At offset 172 the file offset to the last data allocation table is stored as
4 byte integer in little endian. This looks like:
   <Bytes>00</Bytes>
   <Pos>175</Pos>
Assuming that also other values occur here i delete this construct.

At offset 176 the total available data size is stored as 4 byte integer in
little endian. This looks like: At offset 180 the total available page size
is stored as 4 byte integer in little endian.
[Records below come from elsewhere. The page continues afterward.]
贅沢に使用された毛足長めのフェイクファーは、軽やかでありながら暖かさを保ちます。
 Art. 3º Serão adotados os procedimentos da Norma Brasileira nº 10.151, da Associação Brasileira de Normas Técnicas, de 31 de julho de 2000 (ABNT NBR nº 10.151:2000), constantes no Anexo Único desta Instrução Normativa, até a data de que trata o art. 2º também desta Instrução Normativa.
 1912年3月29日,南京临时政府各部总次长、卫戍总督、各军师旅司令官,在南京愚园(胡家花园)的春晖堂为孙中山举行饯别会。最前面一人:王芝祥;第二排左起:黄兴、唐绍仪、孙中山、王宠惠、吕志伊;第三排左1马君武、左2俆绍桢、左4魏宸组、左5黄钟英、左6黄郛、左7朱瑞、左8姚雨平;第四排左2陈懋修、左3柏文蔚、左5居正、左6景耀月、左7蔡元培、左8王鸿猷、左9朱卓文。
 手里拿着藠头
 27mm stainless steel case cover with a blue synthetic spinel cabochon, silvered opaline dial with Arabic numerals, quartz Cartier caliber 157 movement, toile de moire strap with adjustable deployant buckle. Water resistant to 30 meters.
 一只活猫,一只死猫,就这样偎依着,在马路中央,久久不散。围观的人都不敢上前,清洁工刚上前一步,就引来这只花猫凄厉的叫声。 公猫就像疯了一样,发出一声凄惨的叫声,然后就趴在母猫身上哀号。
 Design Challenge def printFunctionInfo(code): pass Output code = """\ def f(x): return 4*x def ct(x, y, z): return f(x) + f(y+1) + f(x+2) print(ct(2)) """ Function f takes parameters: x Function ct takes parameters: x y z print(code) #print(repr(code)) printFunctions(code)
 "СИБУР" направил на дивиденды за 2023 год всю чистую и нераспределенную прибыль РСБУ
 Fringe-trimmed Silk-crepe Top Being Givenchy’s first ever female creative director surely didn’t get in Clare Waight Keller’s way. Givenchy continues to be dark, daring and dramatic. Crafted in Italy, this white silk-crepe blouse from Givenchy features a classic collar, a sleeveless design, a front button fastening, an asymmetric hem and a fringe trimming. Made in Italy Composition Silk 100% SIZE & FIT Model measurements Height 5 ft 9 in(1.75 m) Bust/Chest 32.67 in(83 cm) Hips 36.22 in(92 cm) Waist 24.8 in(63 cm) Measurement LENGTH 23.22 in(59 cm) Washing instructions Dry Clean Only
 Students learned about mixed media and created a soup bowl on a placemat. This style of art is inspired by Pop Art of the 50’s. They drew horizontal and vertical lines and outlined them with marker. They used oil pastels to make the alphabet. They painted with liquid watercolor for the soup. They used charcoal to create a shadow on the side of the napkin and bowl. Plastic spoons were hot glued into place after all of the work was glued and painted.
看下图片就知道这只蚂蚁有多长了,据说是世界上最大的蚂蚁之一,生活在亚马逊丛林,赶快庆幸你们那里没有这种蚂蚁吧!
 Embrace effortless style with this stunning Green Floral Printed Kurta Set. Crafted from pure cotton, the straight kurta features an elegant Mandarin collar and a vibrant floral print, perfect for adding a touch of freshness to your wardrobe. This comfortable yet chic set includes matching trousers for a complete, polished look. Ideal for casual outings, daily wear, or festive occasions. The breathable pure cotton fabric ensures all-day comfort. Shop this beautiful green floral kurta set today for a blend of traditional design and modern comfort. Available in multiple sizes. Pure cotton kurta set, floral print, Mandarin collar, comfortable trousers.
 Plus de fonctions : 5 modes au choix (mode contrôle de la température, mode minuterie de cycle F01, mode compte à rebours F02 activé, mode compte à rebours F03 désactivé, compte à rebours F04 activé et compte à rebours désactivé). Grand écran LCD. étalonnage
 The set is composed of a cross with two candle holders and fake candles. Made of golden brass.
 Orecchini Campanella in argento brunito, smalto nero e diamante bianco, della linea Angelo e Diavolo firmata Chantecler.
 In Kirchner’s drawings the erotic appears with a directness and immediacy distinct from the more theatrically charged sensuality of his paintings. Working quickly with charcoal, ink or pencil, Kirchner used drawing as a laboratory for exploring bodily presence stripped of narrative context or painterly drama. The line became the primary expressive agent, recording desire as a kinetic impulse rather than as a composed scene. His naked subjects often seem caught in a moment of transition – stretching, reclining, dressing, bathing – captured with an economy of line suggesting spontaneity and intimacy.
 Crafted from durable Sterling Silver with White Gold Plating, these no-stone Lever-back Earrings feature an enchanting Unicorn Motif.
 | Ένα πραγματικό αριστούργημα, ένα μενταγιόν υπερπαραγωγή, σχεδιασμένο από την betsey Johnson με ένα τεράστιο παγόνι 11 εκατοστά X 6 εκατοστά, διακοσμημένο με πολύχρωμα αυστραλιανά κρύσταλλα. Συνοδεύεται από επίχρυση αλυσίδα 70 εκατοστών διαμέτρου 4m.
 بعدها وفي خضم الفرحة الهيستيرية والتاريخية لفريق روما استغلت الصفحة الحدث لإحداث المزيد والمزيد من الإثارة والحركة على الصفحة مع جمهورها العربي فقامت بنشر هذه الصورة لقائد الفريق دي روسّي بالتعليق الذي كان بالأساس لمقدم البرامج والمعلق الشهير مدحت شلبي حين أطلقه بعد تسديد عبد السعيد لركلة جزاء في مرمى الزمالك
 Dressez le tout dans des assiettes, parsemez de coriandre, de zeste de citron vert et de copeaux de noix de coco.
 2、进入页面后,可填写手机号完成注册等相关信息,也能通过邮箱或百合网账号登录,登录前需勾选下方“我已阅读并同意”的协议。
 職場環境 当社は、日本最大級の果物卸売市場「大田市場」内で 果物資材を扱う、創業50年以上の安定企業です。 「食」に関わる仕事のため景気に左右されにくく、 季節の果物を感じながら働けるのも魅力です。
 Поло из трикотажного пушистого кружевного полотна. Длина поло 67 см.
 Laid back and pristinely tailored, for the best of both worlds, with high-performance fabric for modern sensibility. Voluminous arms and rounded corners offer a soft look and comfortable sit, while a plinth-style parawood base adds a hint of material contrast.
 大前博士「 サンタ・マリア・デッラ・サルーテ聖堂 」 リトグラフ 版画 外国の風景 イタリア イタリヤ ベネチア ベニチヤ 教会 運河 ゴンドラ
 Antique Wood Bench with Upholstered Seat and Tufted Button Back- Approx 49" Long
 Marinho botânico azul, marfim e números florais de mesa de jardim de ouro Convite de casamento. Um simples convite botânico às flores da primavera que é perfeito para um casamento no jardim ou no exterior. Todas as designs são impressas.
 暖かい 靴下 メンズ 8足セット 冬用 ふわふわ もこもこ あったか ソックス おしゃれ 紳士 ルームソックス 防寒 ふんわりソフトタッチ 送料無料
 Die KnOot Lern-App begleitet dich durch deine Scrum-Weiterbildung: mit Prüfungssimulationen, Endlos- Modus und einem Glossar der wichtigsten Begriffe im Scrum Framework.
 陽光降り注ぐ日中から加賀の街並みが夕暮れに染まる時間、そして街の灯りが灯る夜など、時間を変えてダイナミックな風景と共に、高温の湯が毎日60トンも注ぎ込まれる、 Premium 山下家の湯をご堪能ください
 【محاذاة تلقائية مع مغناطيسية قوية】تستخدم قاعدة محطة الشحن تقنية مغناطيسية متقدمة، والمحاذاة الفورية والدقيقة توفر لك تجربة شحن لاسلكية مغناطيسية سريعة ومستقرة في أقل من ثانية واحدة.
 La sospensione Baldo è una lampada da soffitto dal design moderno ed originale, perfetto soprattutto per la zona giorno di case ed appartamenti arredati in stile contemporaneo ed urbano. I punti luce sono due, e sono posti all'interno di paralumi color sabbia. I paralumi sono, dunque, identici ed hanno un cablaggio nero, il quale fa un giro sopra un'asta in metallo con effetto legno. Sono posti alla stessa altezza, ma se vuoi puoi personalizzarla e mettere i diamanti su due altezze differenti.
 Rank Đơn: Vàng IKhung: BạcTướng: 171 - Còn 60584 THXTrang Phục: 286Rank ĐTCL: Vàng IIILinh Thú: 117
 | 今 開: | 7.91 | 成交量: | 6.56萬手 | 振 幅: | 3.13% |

This looks like:
   <Pattern>
      <Bytes>0000</Bytes>
      <Pos>179</Pos>
   </Pattern>
   <Pattern>
      <Bytes>0000</Bytes>
      <Pos>182</Pos>
   </Pattern>
Assuming that also other values occur here i delete this construct.

At offset 184 the descriptor index back pointer is stored as 4 byte integer.
At offset 188 The descriptor index file offset is stored as 4 byte integer.
This looks like:
   <Bytes>0000</Bytes>
   <Pos>187</Pos>
   <Bytes>00</Bytes>
   <Pos>191</Pos>
Assuming that also other values occur here i delete these constructs.

At offset 192 the file offset index back pointer is stored as 4 byte
integer.  At offset 196 the file offset index file offset is stored as 4
byte integer. This looks like:
   <Bytes>0000</Bytes>
   <Pos>195</Pos>
Assuming that also other values occur here i delete this construct.

At offset 200 the Allocation table validation type is stored as 1 byte
integer variable fAMapValid. The value 0 means invalid (INVALID_AMAP). 2
means valid (VALID_AMAP2) and value 1 also means valid but is deprecated
(VALID_AMAP1). Before 8 bytes of BREF structure are stored. After fAMapValid
1 byte variable bReserved and 2 byte wReserved are stored.  Implementations
should ignore these values and should not modify it.  Creators of a new PST
file MUST initialize this value to zero.  That was express by construct
like:
   <Bytes>000001000000</Bytes>
   <Pos>198</Pos>
This at least must shrink to something expressed by construct like:
   <Bytes>000000</Bytes>
   <Pos>201</Pos>
But you can not 100 percent rely that these reserved bytes are always
nil. So i completely delete that construct.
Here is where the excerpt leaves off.